Re: [PATCH] x86-32: fix kexec with stack canary (CONFIG_CC_STACKPROTECTOR)
From: Eric W. Biederman
Date: Thu Dec 28 2017 - 19:31:35 EST
hpa@xxxxxxxxx writes:
> On December 28, 2017 2:47:47 PM PST, ebiederm@xxxxxxxxxxxx wrote:
>>Linus Torvalds <torvalds@xxxxxxxxxxxxxxxxxxxx> writes:
>>
>>> From: Linus Torvalds <torvalds@xxxxxxxxxxxxxxxxxxxx>
>>> Date: Wed, 27 Dec 2017 11:41:30 -0800
>>> Subject: [PATCH] x86-32: fix kexec with stack canary
>>(CONFIG_CC_STACKPROTECTOR)
>>>
>>> Commit e802a51ede91 ("x86/idt: Consolidate IDT invalidation") cleaned
>>up
>>> and unified the IDT invalidation that existed in a couple of places.
>>It
>>> changed no actual real code.
>>>
>>> Despite not changing any actual real code, it _did_ change code
>>> generation: by implementing the common idt_invalidate() function in
>>> archx86/kernel/idt.c, it made the use of the function in
>>> arch/x86/kernel/machine_kexec_32.c be a real function call rather
>>than
>>> an (accidental) inlining of the function.
>>>
>>> That, in turn, exposed two issues:
>>>
>>> - in load_segments(), we had incorrectly reset all the segment
>>> registers, which then made the stack canary load (which gcc does
>>> using offset of %gs) cause a trap. Instead of %gs pointing to the
>>> stack canary, it will be the normal zero-based kernel segment, and
>>> the stack canary load will take a page fault at address 0x14.
>>>
>>> - to make this even harder to debug, we had invalidated the GDT just
>>> before calling idt_invalidate(), which meant that the fault
>>happened
>>> with an invalid GDT, which in turn causes a triple fault and
>>> immediate reboot.
>>>
>>> Fix this by
>>>
>>> (a) not reloading the special segments in load_segments(). We
>>currently
>>> don't do any percpu accesses (which would require %fs on x86-32)
>>in
>>> this area, but there's no reason to think that we might not want
>>to
>>> do them, and like %gs, it's pointless to break it.
>>>
>>> (b) doing idt_invalidate() before invalidating the GDT, to keep
>>things
>>> at least _slightly_ more debuggable for a bit longer. Without a
>>> IDT, traps will not work. Without a GDT, traps also will not
>>work,
>>> but neither will any segment loads etc. So in a very real sense,
>>> the GDT is even more core than the IDT.
>>>
>>> Reported-and-tested-by: Alexandru Chirvasitu <achirvasub@xxxxxxxxx>
>>> Fixes: e802a51ede91 ("x86/idt: Consolidate IDT invalidation")

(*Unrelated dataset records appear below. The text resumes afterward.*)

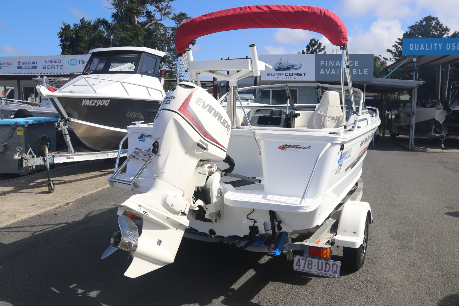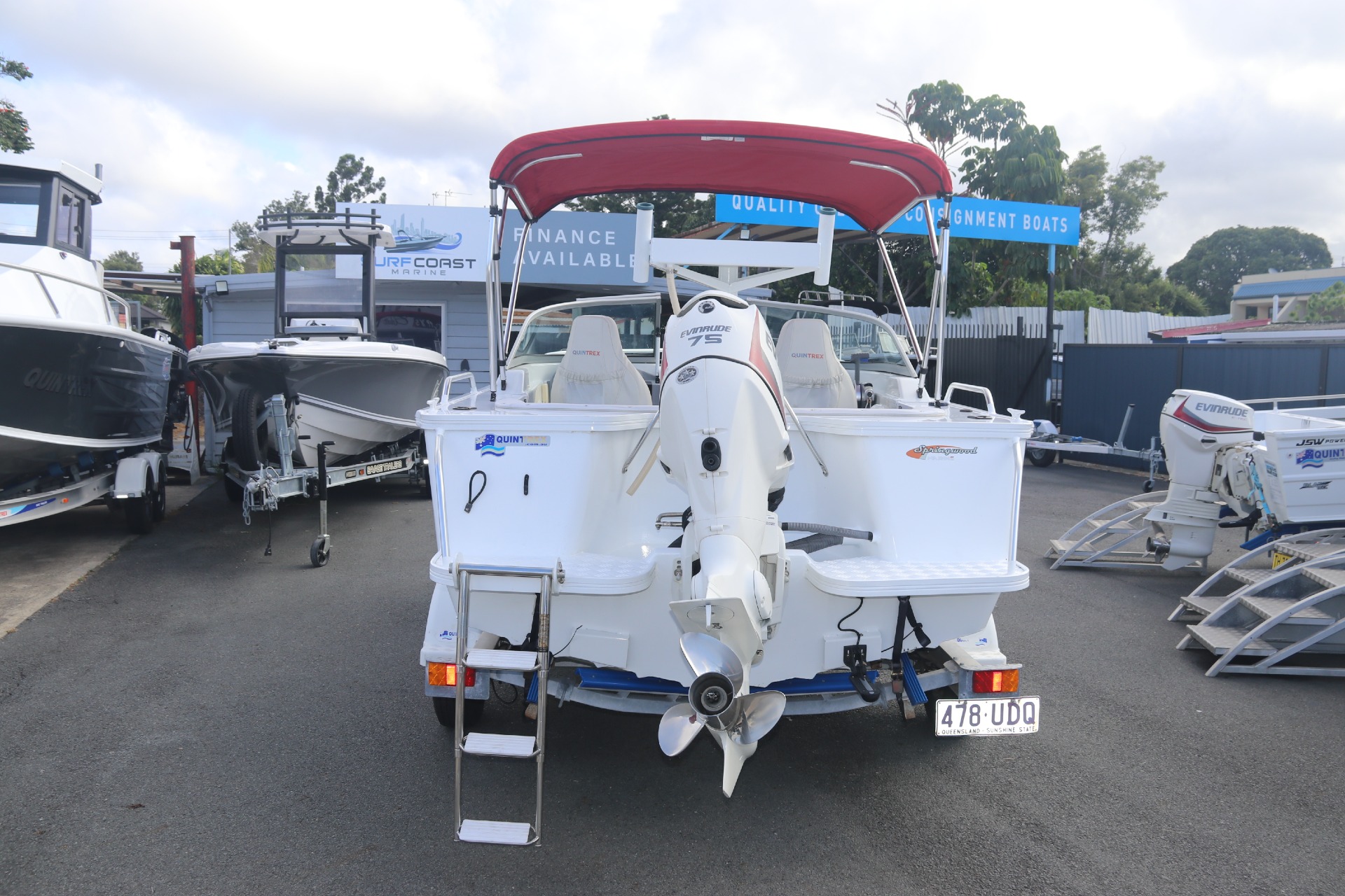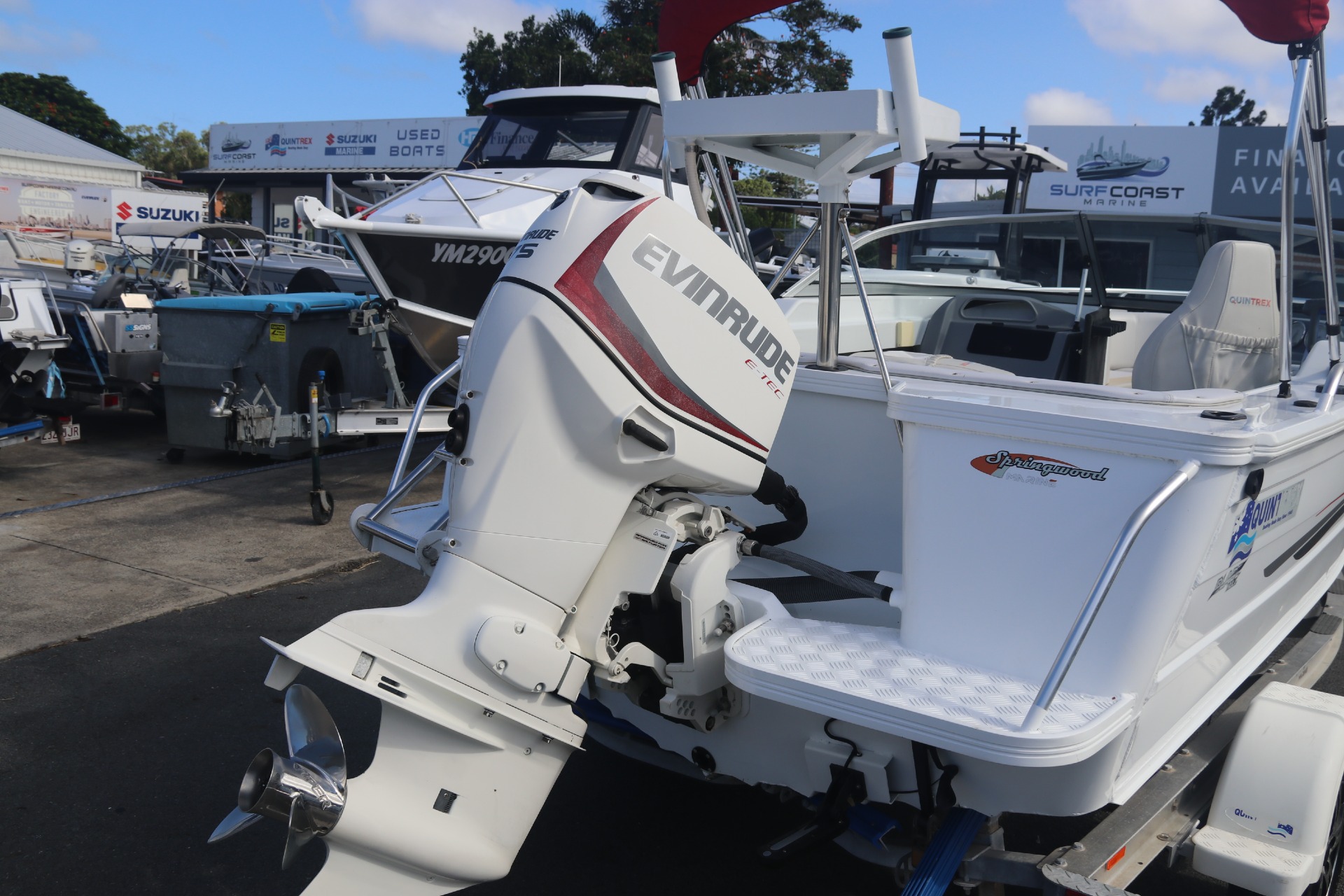 EVINRUDE E-TEC 75HP WITH STAINLESS STEEL PROPELLOR (180 hours)QUINTREX DRIVE ON 1100KG ALUMINIUM BRAKED TRAILER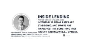 Inside Lending – Week of April 27, 2026 QUOTE OF THE WEEK “The trouble with opportunity is that it always comes disguised as hard work.”—Herbert V. Prochnow, U.S. banking executive, writer NATIONAL MARKET UPDATE New listings surged as sellers reengaged, while active inventory continued to build and asking prices softened. The spring market remains increasingly…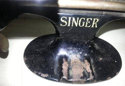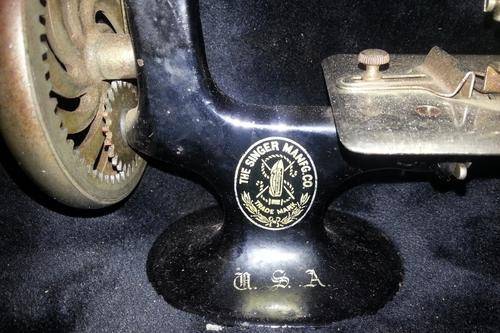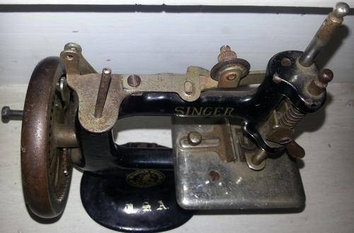 Vintage Singer miniature children's sewing machine. Sewing machine IS crank style black finish. Circa1920. Marked "Singer" Please see photos for full description as there is some wear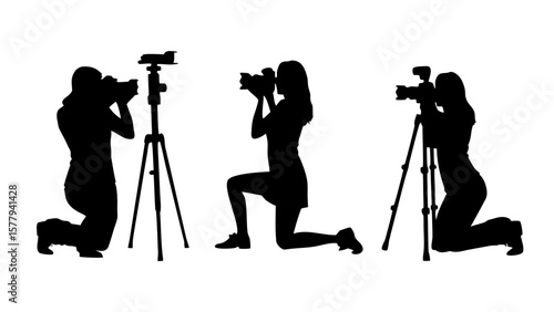 Sheet of Silhouette Photographers in Action – Kneeling, Adjusting Camera, Tripod Setup PNG Transparent Background
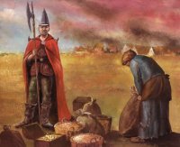 (Továbbmész...) [183,57] A terep változik: ismét síkságon vagy. Vékony, de tiszta vizű patakra bukkansz, amely északnyugatról folyik délkeletre. Feltöltöd a vizestömlőt. Ki nyitott szemmel jár, talál: esetedben egy kihívás tornyát. Ahogy cammogsz, egyszercsak hogy, hogy nem: kiszúrsz egy tündöklő szobrot. Elenios rád kacsint! Csodálatos érzés kerít hatalmába, miközben virágeső hull az égből. Vidáman gyűjtöd csokorba a szépséges virágokat, ami egy mocsári penke és néhány mákrózsa. [mákrózsa virág ->eldobod] Észreveszel egy oltárt. Raia hívői építették. Ez hihetetlen! A szemed elé táruló látvány nem más, minthogy Leon Silver I. hatalmának elenyésző morzsájával dezintegrál egy dombnyi kupac káosz-szimbólumot. Érdekes műalkotás... Talán érdemes lenne neked is megpróbálkozni egy ilyen szoborral. Megérezve a magas fűből érződő szagot, rájössz, hogy valami rád leselkedik. Amint közelebb ér rögtön tudod, hogy mi az! Egy quwarg királynő. Nyugodtan várod, hogy megleckéztethessed a pimasz lényt.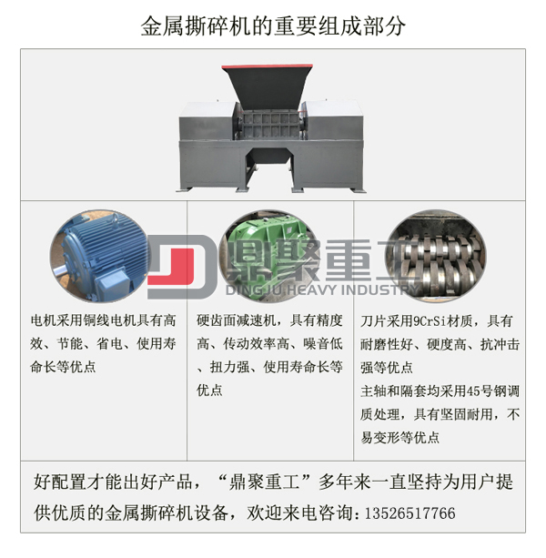 金屬撕碎機(jī)是一款用于對(duì)廢舊金屬進(jìn)行粗破的機(jī)械設(shè)備,可以對(duì)汽車殼、摩托車、自行車、彩鋼瓦、油桶、鋼筋、鋼絞線、金屬壓塊、鐵皮、角鐵、槽鋼等金屬物料進(jìn)行撕碎,具有撕碎力度大,產(chǎn)量高,噪音小等優(yōu)點(diǎn)。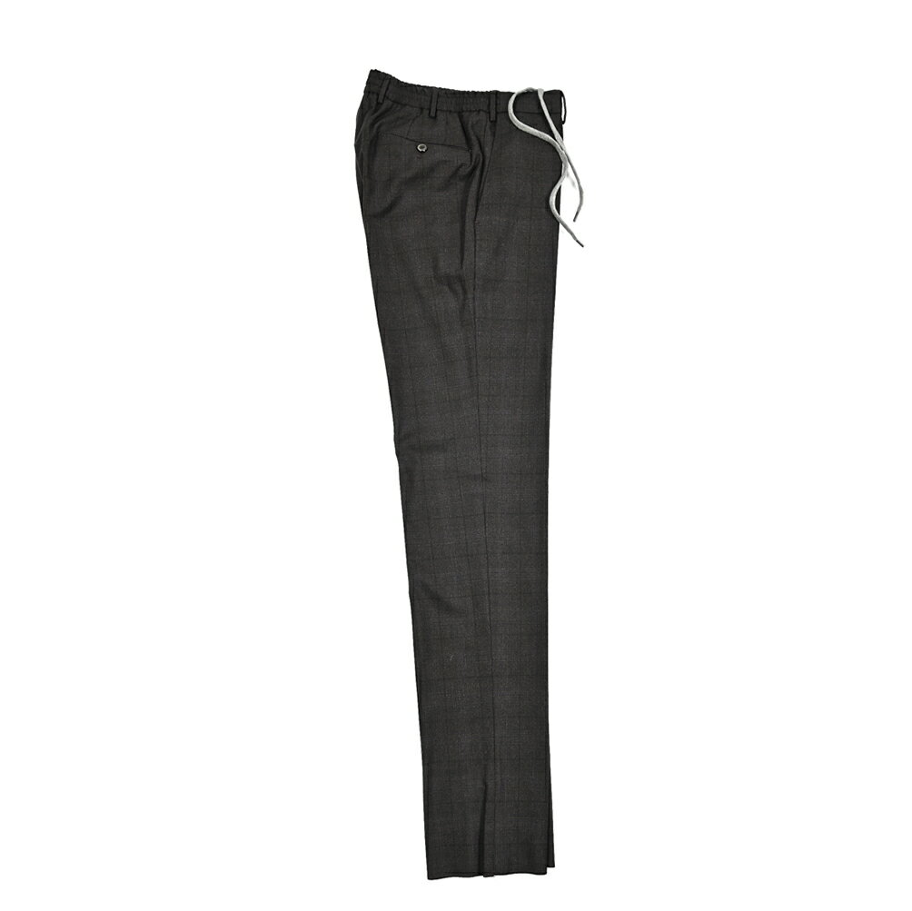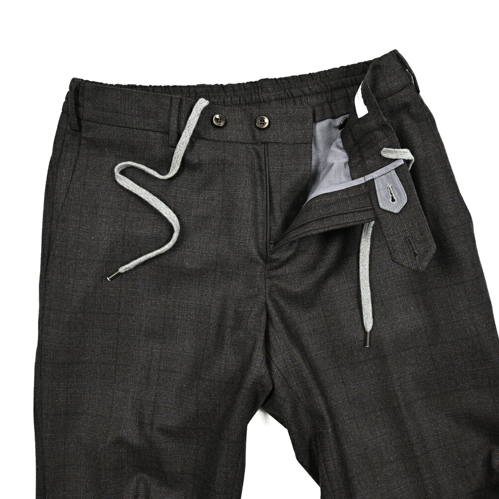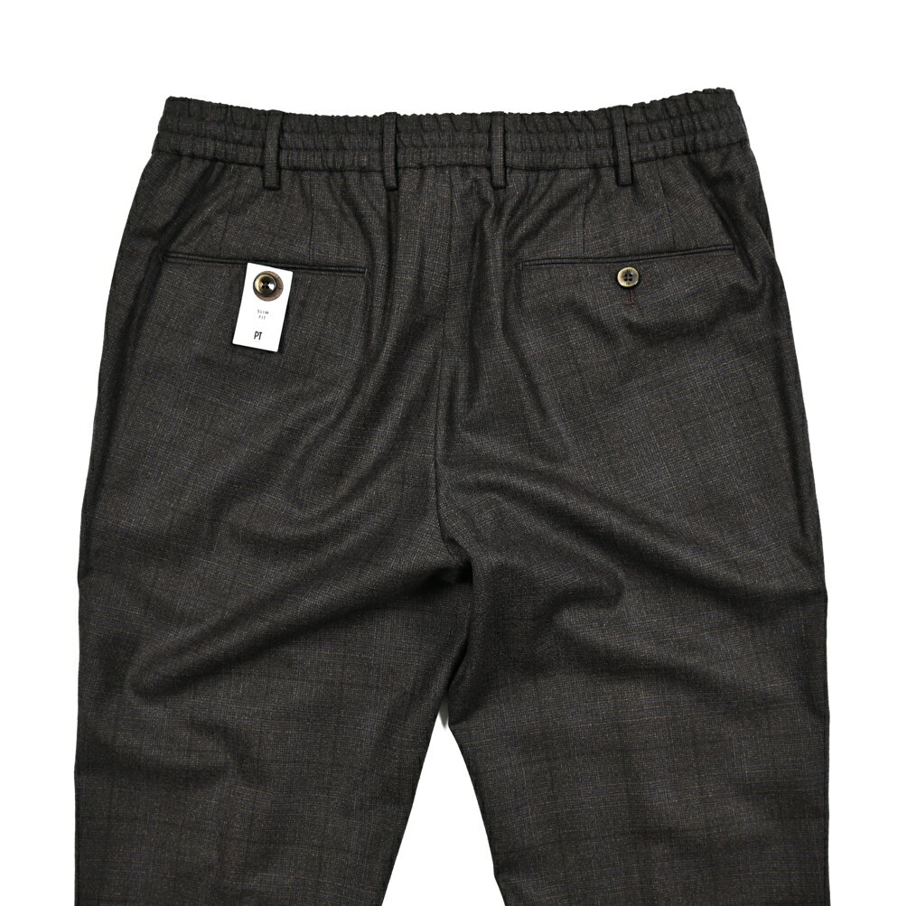 《冬セール》【半額以下】 ピーティートリノ PT TORINO SLIM FIT スリムフィット スラックス ノータック ドローコード ストレッチパンツ 秋冬 メンズ ヴァージンウール グレンチェック ダークブラウン イタリア ブランド PT01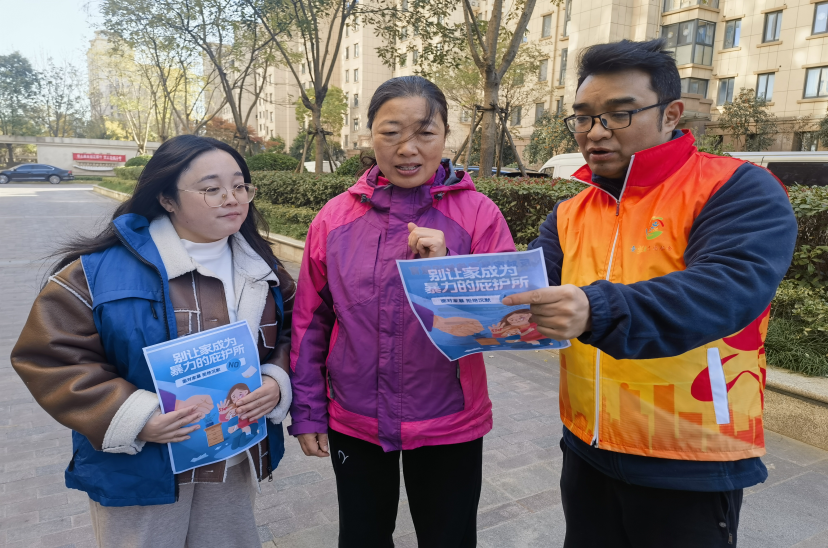 11月25日,新洋街道童家沟社区联动街道社会治安综合治理中心、妇联,开展“家暴不是家务事,法治守护千万家”主题活动。童家沟社区志愿者与网格员通过发放宣传手册、面对面交流的方式,向居民普及反家庭暴力法核心内容,志愿者用通俗语言讲解遭遇家暴后的自我保护技巧,反复强调“家暴不是家务事,勇敢说‘不’才是对的选择”,鼓励受害者勇敢运用法律武器捍卫自身合法权益,让“反对家暴、尊重平等”的理念深入人心。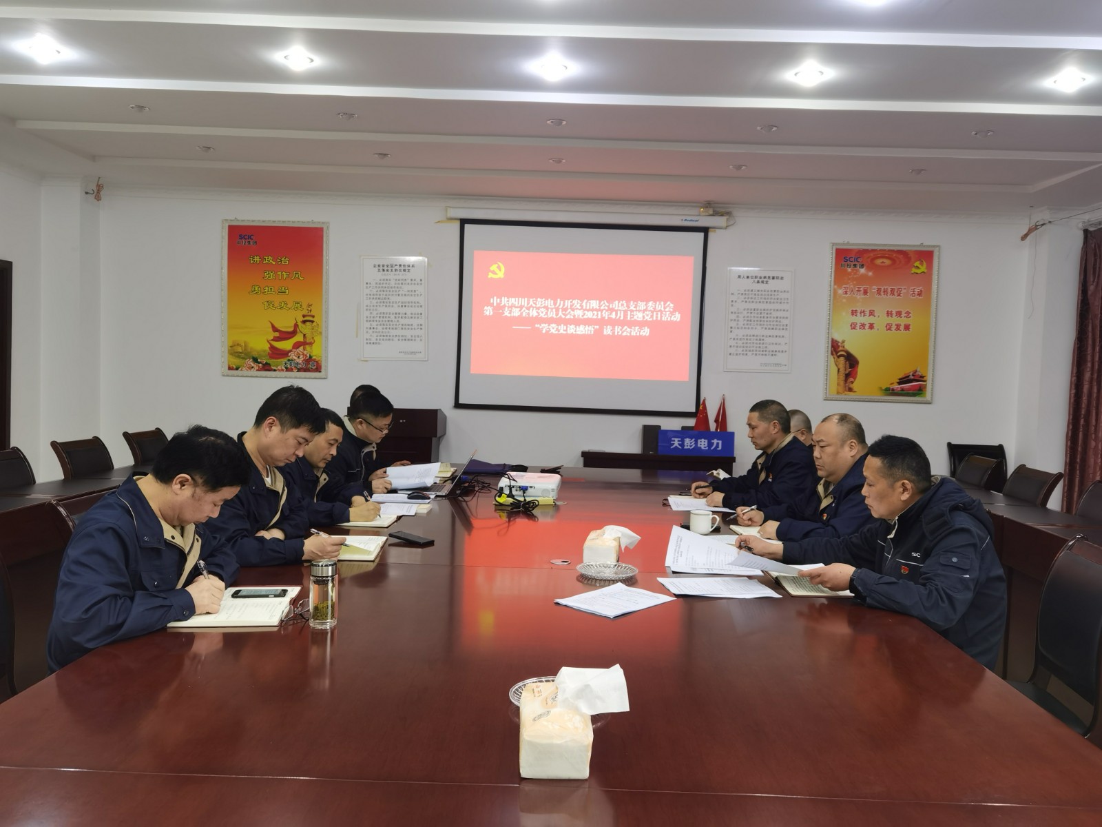 按照公司黨總支關于黨史學習教育的安排,4月27日下午,川投能源天彭電力第一黨支部全體黨員在二樓會議室開展了“學黨史 談感悟”黨史學習教育讀書會主題黨日活動, 公司黨總支書記、總經(jīng)理陳忠參加了活動,活動由第一黨支部書記何剛主持。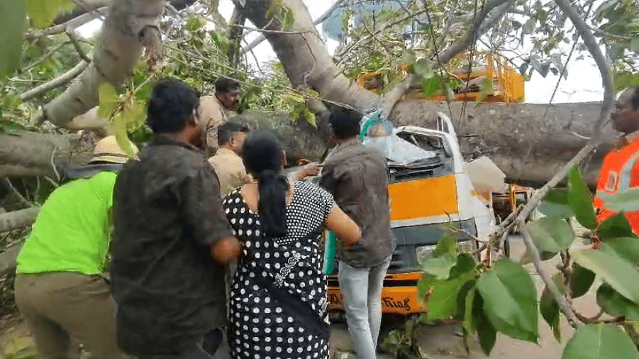 பலத்த சத்தத்துடன் மரம் விழுந்ததில், லாரியின் உள் இருந்த பாளையம் பகுதியை சேர்ந்த ஓட்டுநர் மாரப்பா(45), வெங்கடேஷ்(34) ஆகியோர் வாகனத்திற்குள் சிக்கி உடல்நசுங்கி உயிரிழந்தார்..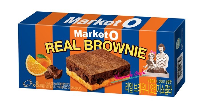 마켓오리얼브라우니오렌지 쇼콜라는진짜 오렌지를 넣어 만든 상큼한 오렌지 브라우니와 진한 초콜릿 브라우니, 두 겹으로 만들었다. 기존 ‘마켓오리얼브라우니’의 진하고 쫀득한 맛은 그대로 살리되 오렌지의 상큼함을 조화시켜 더욱 고급스러운 맛을 냈다고. 이번 신제품은 한국 본사와 일본 지사가 제품 기획 단계부터 함께 참여했다.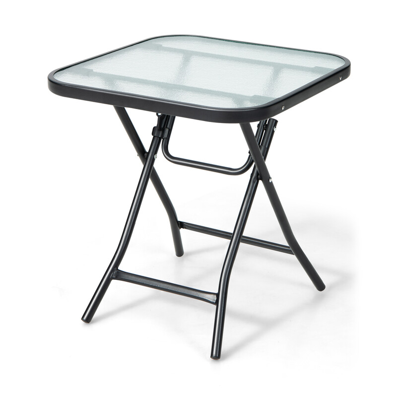 Elegant foldbart sidebord i sort stål og hærdet glas, holder op til 50 kg. Perfekt til drikkevarer indendørs eller udendørs, let at rengøre med stilfuldt design.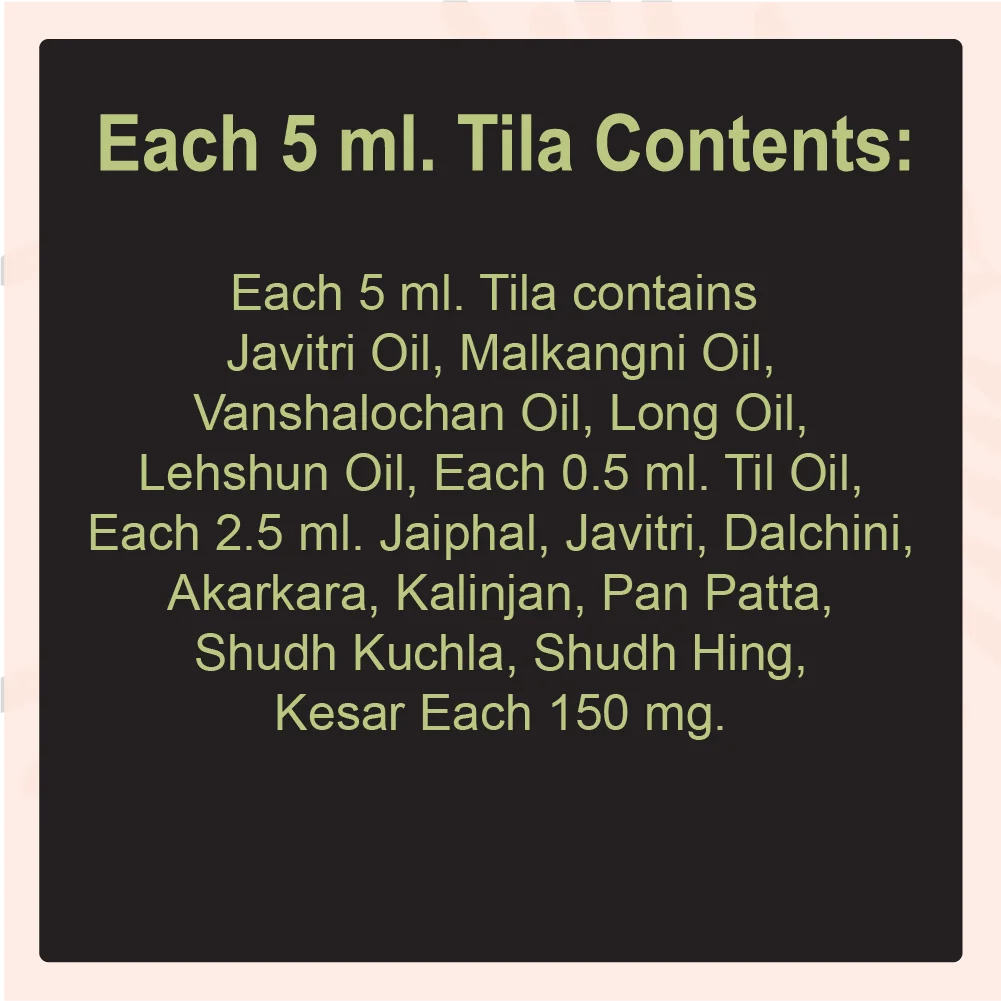 This preparation blends Javitri Oil, Malkangni Oil, Vanshalochan Oil, and Til Oil with herbs like Jaiphal, Dalchini, Akarkara, Pan Patta, Shudh Kuchla, Hing, and Kesar. Each drop carries the richness of nature’s extracts, brought together in a carefully balanced formulation.

>>> Cc: Thomas Gleixner <tglx@xxxxxxxxxxxxx>
>>> Cc: Andy Lutomirski <luto@xxxxxxxxxx>
>>> Cc: Peter Anvin <hpa@xxxxxxxxx>
>>> Cc: Ingo Molnar <mingo@xxxxxxxxxx>
>>> Signed-off-by: Linus Torvalds <torvalds@xxxxxxxxxxxxxxxxxxxx>
>>> ---
>>>
>>> I wrote "Reported-and-tested-by: Alexandru" because while this isn't
>>> exactly the same patch as anything Alexandru tested, it's pretty
>>close,
>>> and I'm pretty sure this version will fix his issues too.
>>>
>>> I decided to try to just do the minimal changes: the GDT invalidation
>>last
>>> (because of the debugging) and _only_ removing the resetting of fs/gs
>>
>>> rather than removing load_segments() entirely.
>>>
>>> I think making idt_invalidate() be inline would be a good thing as
>>well,
>>> and I do think that all those "phys_to_virt(0)" things are garbage,
>>but I
>>> also think they are independent issues, so I didn't touch any of
>>that.
>>>
>>> I'm assuming I'll get this patch back through the x86 tree, and will
>>not
>>> be applying it to my own git tree unless the x86 people ask me to.
>>>
>>> Comments?
>>
>>There is one significant problem with this patch. It changes the ABI
>>that kexec provides to the next kernel.
>>
>>That ABI is that the segments will be set to a well defined value.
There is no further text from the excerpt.